Wansbeck District Council
Wansbeck District Council and bit of one of my unbelievable experiences as a Wansbeck District Council, Councillor.
Having begun to be involved in local politics on my return to Newbiggin by the Sea in the late 1970’s I soon found myself campaigning on several fronts. The politics of the Wansbeck area governed by Wansbeck District Council can only be described as bizarre.
One campaign resulted from the pleas for help from residents living on a relatively new council housing estate in Ashington known as Woodbridge. I was approached by a group of tenants who wanted the Council to address the problems they lived with. I quickly became immersed in the problems associated with the awful problems experienced by the tenants of Wansbeck District Council who lived on the Woodbridge estate.
My enquiries showed that the houses built on Woodbridge had cost much more than the houses built by a leading house building company called Willian Leech who were selling houses on a nearby housing estate that were far superior. As my enquiries continued, I began to receive telephone calls at my home from the Wansbeck District Council’s Chief Executive.
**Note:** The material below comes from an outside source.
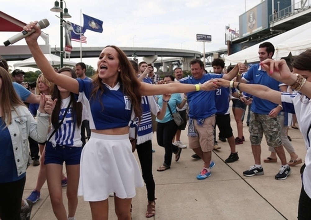 Στο PPL stadium στην Φιλαδέλφια για τον πρώτο φιλικό αγώνα της Εθνικής Ελλάδος με τη Νιγηρία. Εκεί υπήρχε και μια μικρή γιορτή όπου η Καλομοίρα τραγούδησε τον Εθνικό Ύμνο. Την ώρα όμως που τραγουδούσε έκανε ένα μικρό λαθάκι και αντί να πει "χαίρε ω χαίρε λευτεριά", είπε "χαίρε - χαίρε λευτεριά".
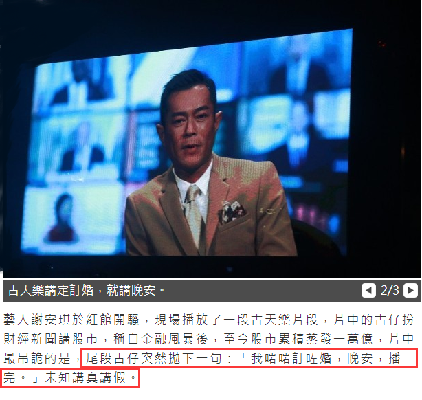 据香港媒体报道,谢安琪与今晚在香港红馆开个人演唱会,曾与其有过合作的好友古天乐也是以一个特殊的方式现身了演唱会,在演唱会现场播放了一段古天乐的片段,片中古天乐化身一个财经主播讲解股市,然而在片子的结尾,古天乐竟然突然来了一句“我刚刚订完婚,晚安,播完”。

He wanted to meet with me to discuss my activities. I refused, stating that if he wanted to address the identified problems then the tenants would be pleased. I was very wary about meeting him because when he phoned he was polite with a tinge of menace. He knew that I was concerned about the financial circumstances of the contracts surrounding the construction of the hundreds of homes built by the contractor.
The telephone calls ended when Mr Nuttall called at 11 o clock at night demanding that I cease to represent the tenants. When I refused, he said ‘do you know I am a solicitor’. I replied by saying ‘Mr Nuttall, I do not care if you are the Attorney General, you would not be phoning me if there wasn’t a problem’.
Shortly after that I received a phone call from a Woodbridge tenant saying, ‘Mr Thompson the fireplace is gannin up the wairl’ (going up the wall). I thought the man was possibly drunk or deranged or perhaps it was a trap, so I ignored it. Then a second call came from a lady who, was my main contact saying, that I should go and see the house in question. When I got to the house the man said: ‘the kitchen cupboards are gannin up the wairl an airl’. I could hardly believe what I was seeing because I was witnessing a sink hole in the living room, the concrete floor had dropped some three feet leaving the fireplace suspended on the wall. I was then taken to the kitchen where the floor units were several inches clear of the floor.
Other tenants had similar problems and it became clear the foundations were inadequate???
Within a few years most of the Council houses on Woodbridge were demolished and eventually the land was sold to a developer who built private housing to a suitable standard.
The deal and financial arrangements surrounding the Woodbridge housing estate was never properly investigated. My own investigations suggested that the average cost of each of the Woodbridge properties was over £13,000.00 at a time when a new property on a nearby Leech homes estate were for sale at about half that price???
In 1978 a bye election was called for the Bothal Ward in Ashington that was thought to be a Labour stronghold.
The same Chief Executive was the Returning Officer who presided over the election. The count was held in the Bothal School. Our candidate was George Robson who was well known and a hardworking volunteer who won in a landslide. The Labour Councillors and supporters numbering about 40 people were enraged and so they stood in one corner of the room where the count took place and sang ‘The Red Flag’.
During the Count the rules affecting election count procedures and laws were ignored.
It was a frightening experience and the Liberal supporters were escorted out of the building under police protection.